### EXERCISE PROMPT
Only the lines below from the one containing "Gri renkli, uzun" through the one containing "今日の給食は、和風焼きそば、" belong in the answer, set down exactly, with the pictures left out.
--- INFORMATION SUPPLIED ---
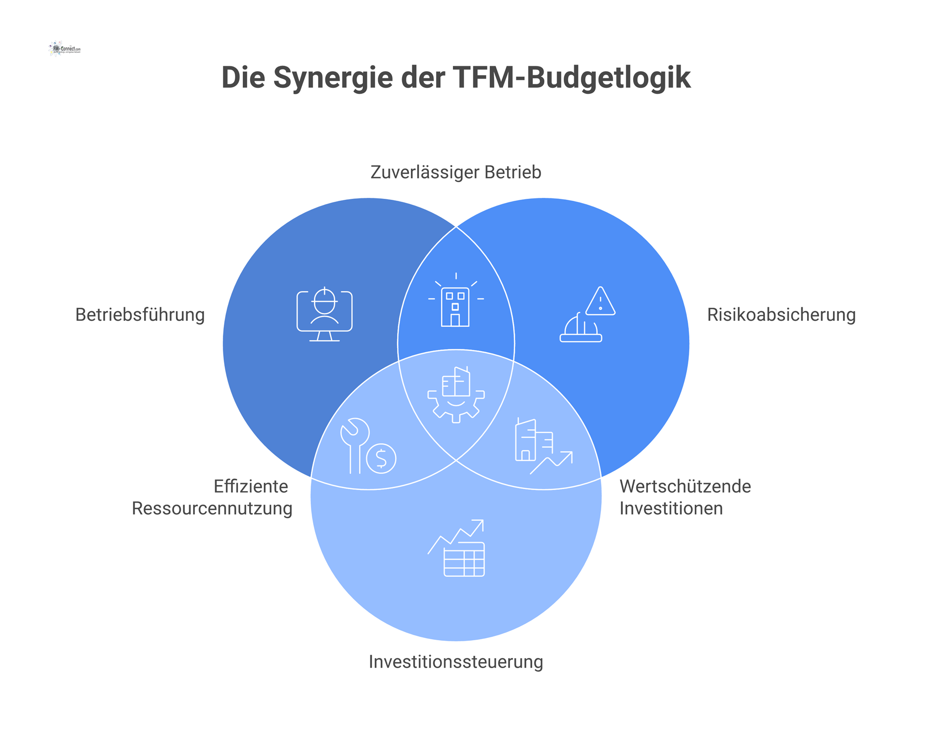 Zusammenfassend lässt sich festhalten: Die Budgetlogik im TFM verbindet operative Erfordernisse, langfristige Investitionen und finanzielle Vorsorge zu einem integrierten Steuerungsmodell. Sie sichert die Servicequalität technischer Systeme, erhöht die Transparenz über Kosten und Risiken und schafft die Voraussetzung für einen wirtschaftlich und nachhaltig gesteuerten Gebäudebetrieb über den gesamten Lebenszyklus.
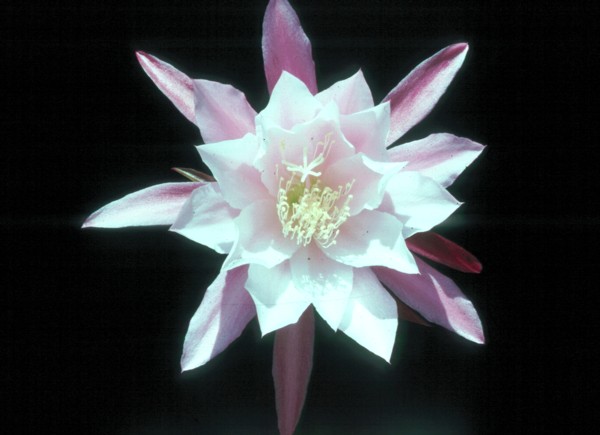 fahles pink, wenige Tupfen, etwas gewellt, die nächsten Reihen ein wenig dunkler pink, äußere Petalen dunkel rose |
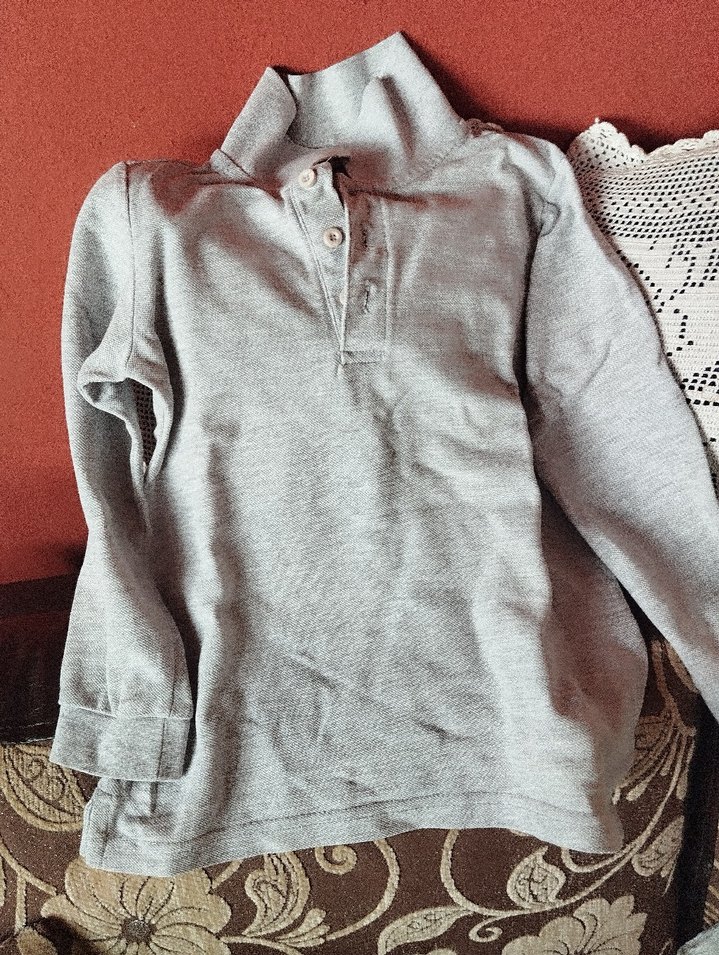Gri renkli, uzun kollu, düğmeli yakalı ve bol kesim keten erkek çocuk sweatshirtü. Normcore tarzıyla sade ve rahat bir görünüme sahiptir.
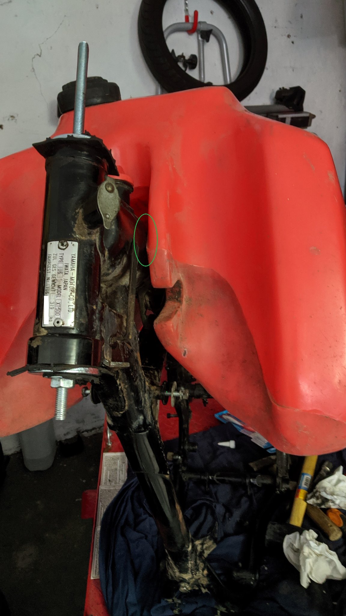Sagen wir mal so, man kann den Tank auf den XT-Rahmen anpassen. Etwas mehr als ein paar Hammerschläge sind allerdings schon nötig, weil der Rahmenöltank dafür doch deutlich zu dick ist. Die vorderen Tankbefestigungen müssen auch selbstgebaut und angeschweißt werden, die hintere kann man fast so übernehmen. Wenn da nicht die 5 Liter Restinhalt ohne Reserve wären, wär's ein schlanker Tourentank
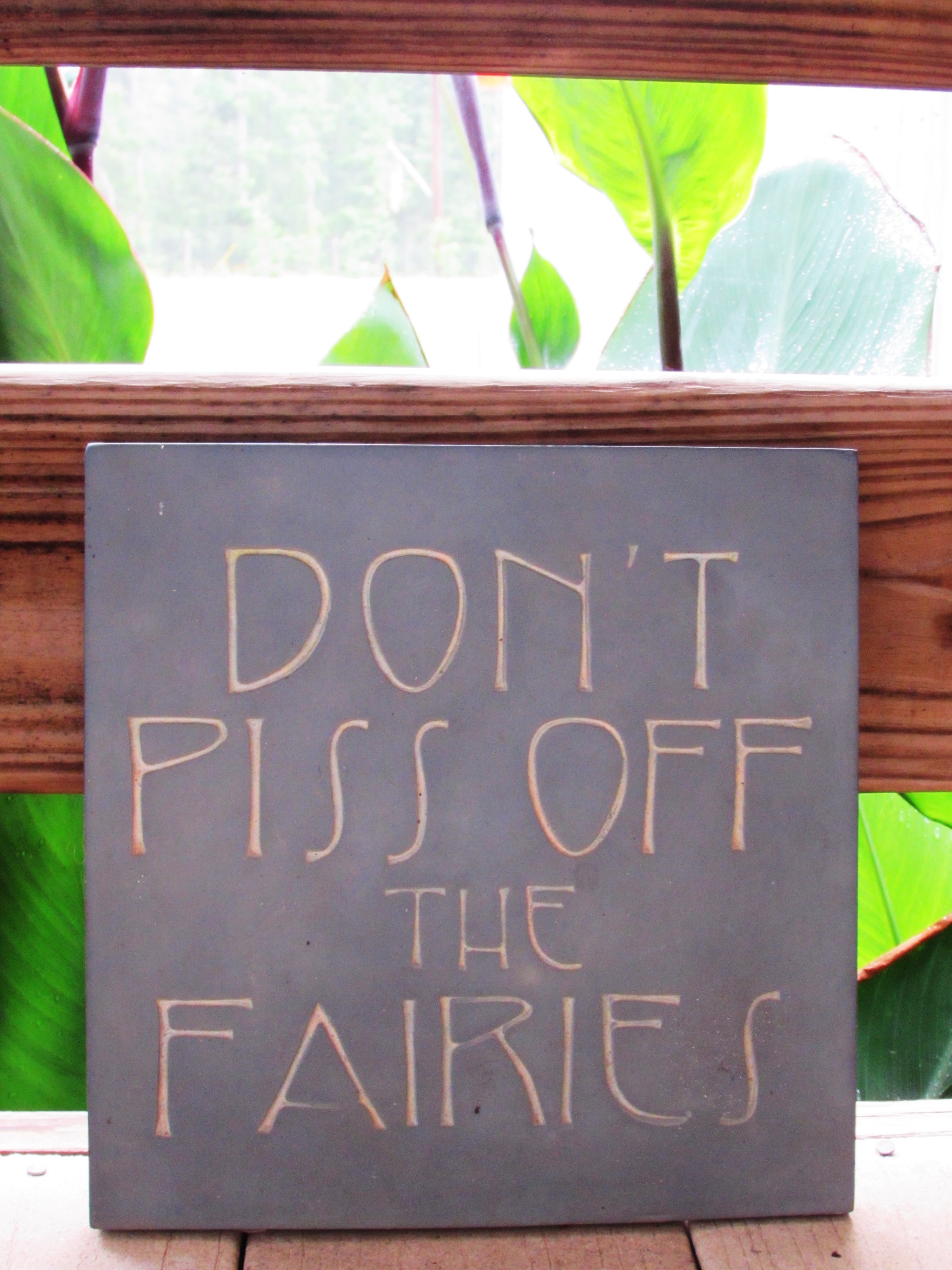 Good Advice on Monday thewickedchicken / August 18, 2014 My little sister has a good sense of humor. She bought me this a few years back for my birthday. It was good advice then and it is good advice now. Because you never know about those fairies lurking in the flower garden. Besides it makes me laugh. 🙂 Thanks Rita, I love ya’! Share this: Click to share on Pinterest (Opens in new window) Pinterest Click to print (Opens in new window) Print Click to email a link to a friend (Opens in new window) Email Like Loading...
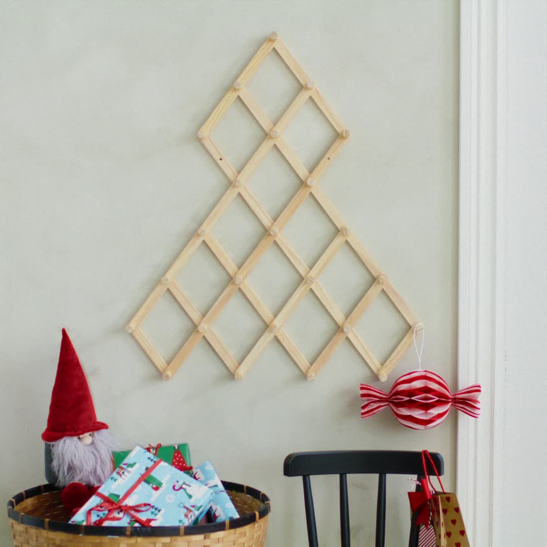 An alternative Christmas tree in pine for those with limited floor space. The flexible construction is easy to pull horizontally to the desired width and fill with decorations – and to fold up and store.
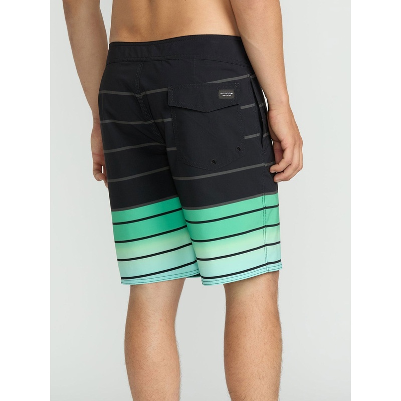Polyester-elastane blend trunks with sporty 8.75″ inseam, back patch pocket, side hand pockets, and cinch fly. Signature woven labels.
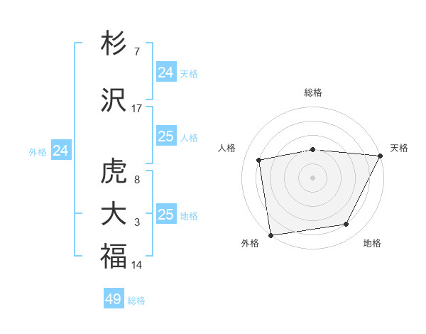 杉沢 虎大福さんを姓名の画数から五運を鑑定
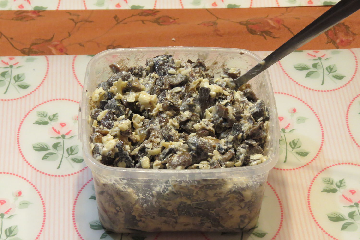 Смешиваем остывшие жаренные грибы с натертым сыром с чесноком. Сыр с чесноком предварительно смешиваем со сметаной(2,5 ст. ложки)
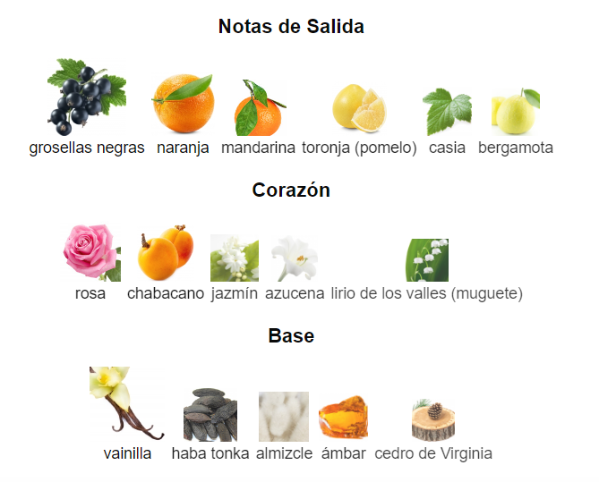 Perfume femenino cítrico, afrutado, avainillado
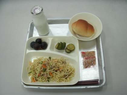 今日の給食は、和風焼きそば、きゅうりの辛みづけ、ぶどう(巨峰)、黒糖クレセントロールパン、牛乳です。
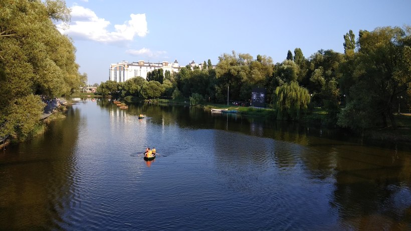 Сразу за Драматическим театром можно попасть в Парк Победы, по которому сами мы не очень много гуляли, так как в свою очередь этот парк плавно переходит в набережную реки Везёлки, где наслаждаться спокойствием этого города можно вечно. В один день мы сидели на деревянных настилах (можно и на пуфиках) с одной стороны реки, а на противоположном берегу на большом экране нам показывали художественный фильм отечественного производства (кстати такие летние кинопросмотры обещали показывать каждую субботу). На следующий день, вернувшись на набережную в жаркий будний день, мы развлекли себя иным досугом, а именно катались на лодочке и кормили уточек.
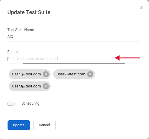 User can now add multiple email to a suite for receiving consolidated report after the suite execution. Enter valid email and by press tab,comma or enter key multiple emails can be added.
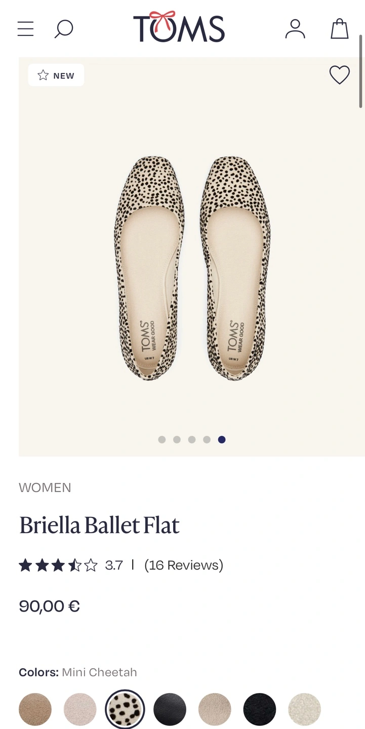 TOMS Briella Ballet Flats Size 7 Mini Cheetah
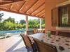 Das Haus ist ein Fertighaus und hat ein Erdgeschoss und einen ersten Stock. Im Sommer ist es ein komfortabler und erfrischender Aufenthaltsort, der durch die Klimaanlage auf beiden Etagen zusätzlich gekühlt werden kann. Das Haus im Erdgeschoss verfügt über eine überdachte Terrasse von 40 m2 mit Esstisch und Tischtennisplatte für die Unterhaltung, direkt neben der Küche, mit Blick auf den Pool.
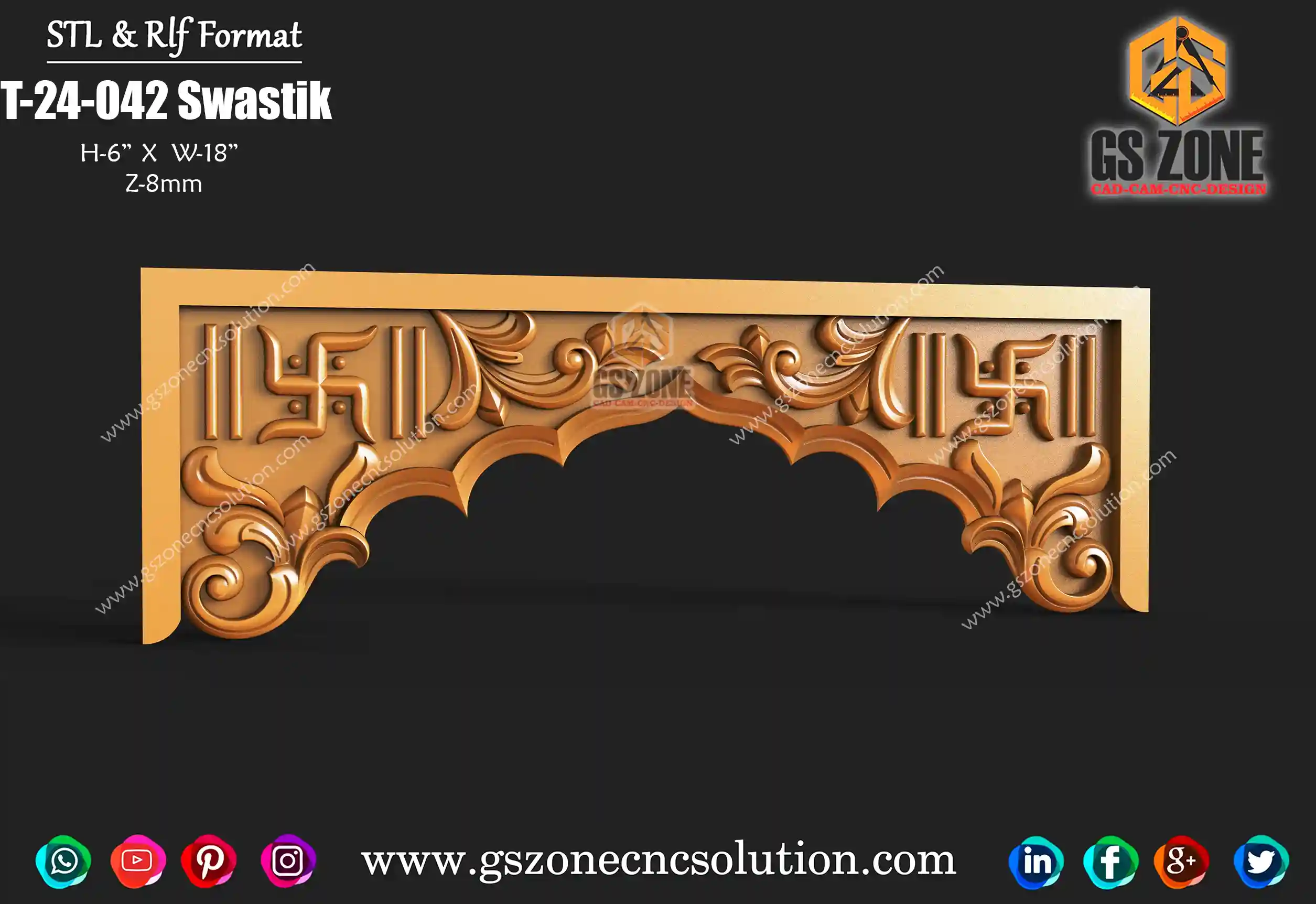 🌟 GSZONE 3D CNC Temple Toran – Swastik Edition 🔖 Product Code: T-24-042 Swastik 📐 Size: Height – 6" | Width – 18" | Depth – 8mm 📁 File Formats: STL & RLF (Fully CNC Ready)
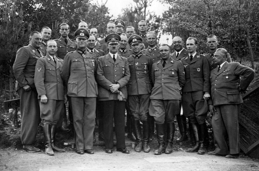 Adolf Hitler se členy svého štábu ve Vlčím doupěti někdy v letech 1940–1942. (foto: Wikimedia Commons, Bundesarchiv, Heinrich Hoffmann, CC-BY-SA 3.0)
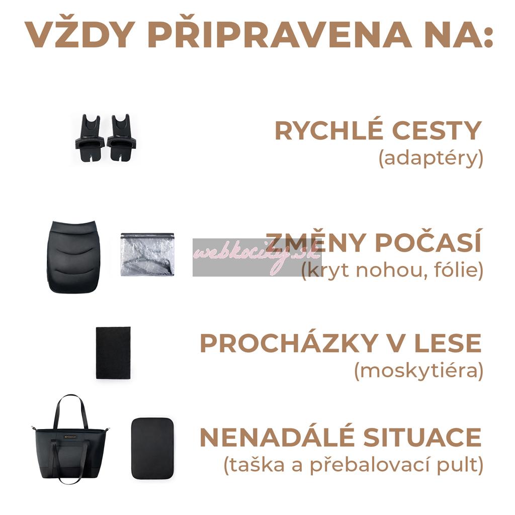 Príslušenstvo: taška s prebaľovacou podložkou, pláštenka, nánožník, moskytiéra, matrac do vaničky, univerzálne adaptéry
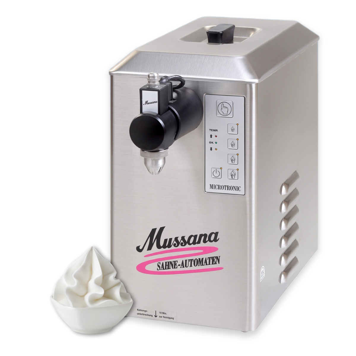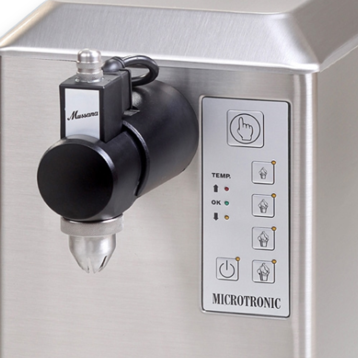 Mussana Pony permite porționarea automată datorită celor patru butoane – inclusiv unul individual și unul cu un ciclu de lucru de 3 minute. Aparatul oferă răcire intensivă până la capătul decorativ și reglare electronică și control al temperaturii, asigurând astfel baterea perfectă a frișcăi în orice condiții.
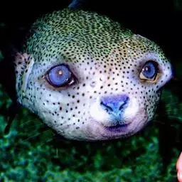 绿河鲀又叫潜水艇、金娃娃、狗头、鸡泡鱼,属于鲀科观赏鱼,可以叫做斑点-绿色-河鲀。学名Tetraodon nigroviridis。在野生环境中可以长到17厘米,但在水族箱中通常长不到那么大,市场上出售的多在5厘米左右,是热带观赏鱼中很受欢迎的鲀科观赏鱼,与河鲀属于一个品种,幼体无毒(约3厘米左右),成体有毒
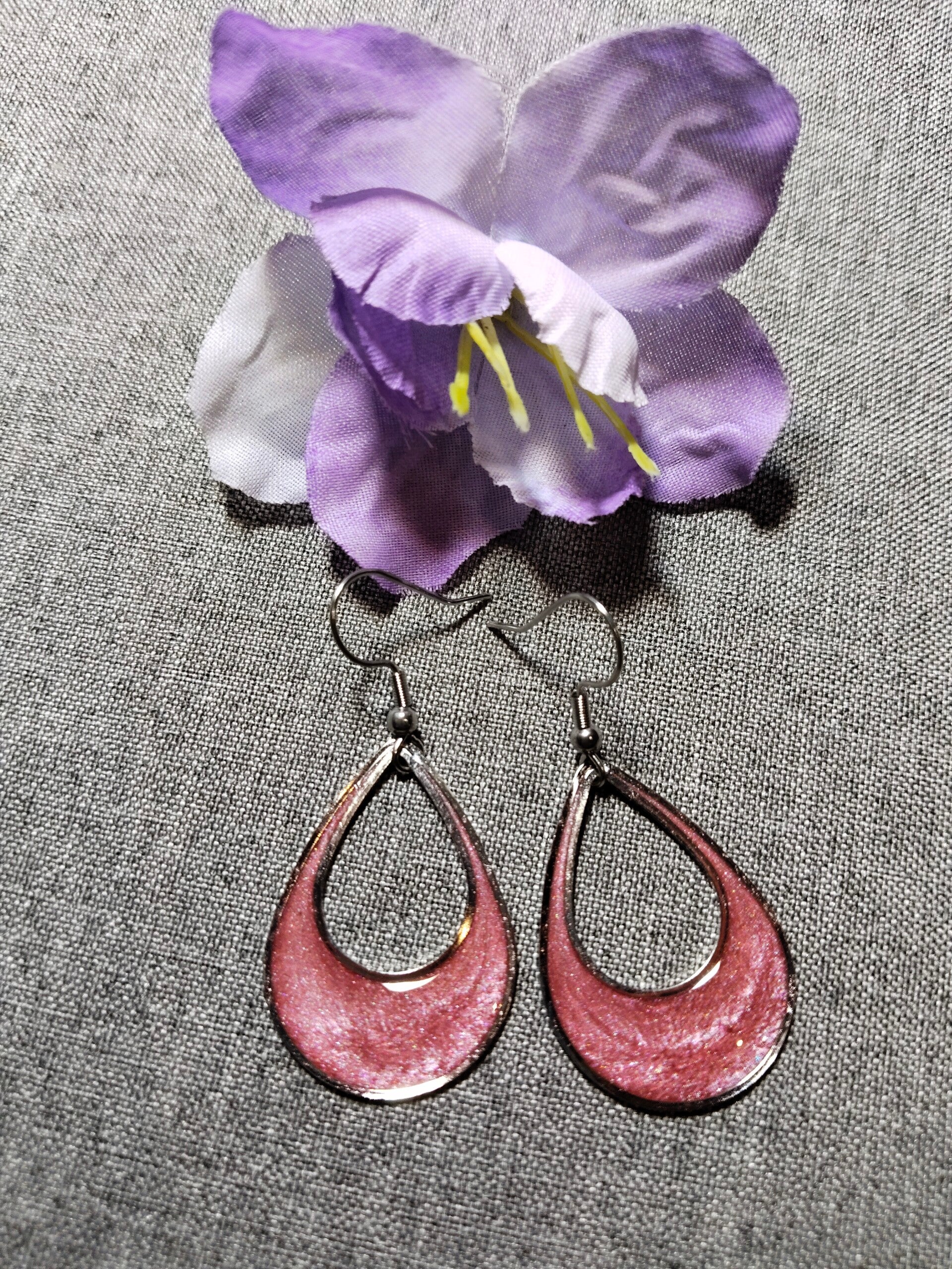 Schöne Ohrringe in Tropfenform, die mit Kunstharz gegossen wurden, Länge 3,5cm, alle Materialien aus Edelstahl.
---
### EXERCISE RESPONSE
Gri renkli, uzun kollu, düğmeli yakalı ve bol kesim keten erkek çocuk sweatshirtü. Normcore tarzıyla sade ve rahat bir görünüme sahiptir.
Sagen wir mal so, man kann den Tank auf den XT-Rahmen anpassen. Etwas mehr als ein paar Hammerschläge sind allerdings schon nötig, weil der Rahmenöltank dafür doch deutlich zu dick ist. Die vorderen Tankbefestigungen müssen auch selbstgebaut und angeschweißt werden, die hintere kann man fast so übernehmen. Wenn da nicht die 5 Liter Restinhalt ohne Reserve wären, wär's ein schlanker Tourentank
 Good Advice on Monday thewickedchicken / August 18, 2014 My little sister has a good sense of humor. She bought me this a few years back for my birthday. It was good advice then and it is good advice now. Because you never know about those fairies lurking in the flower garden. Besides it makes me laugh. 🙂 Thanks Rita, I love ya’! Share this: Click to share on Pinterest (Opens in new window) Pinterest Click to print (Opens in new window) Print Click to email a link to a friend (Opens in new window) Email Like Loading...
 An alternative Christmas tree in pine for those with limited floor space. The flexible construction is easy to pull horizontally to the desired width and fill with decorations – and to fold up and store.
Polyester-elastane blend trunks with sporty 8.75″ inseam, back patch pocket, side hand pockets, and cinch fly. Signature woven labels.
 杉沢 虎大福さんを姓名の画数から五運を鑑定
 Смешиваем остывшие жаренные грибы с натертым сыром с чесноком. Сыр с чесноком предварительно смешиваем со сметаной(2,5 ст. ложки)
 Perfume femenino cítrico, afrutado, avainillado
 今日の給食は、和風焼きそば、きゅうりの辛みづけ、ぶどう(巨峰)、黒糖クレセントロールパン、牛乳です。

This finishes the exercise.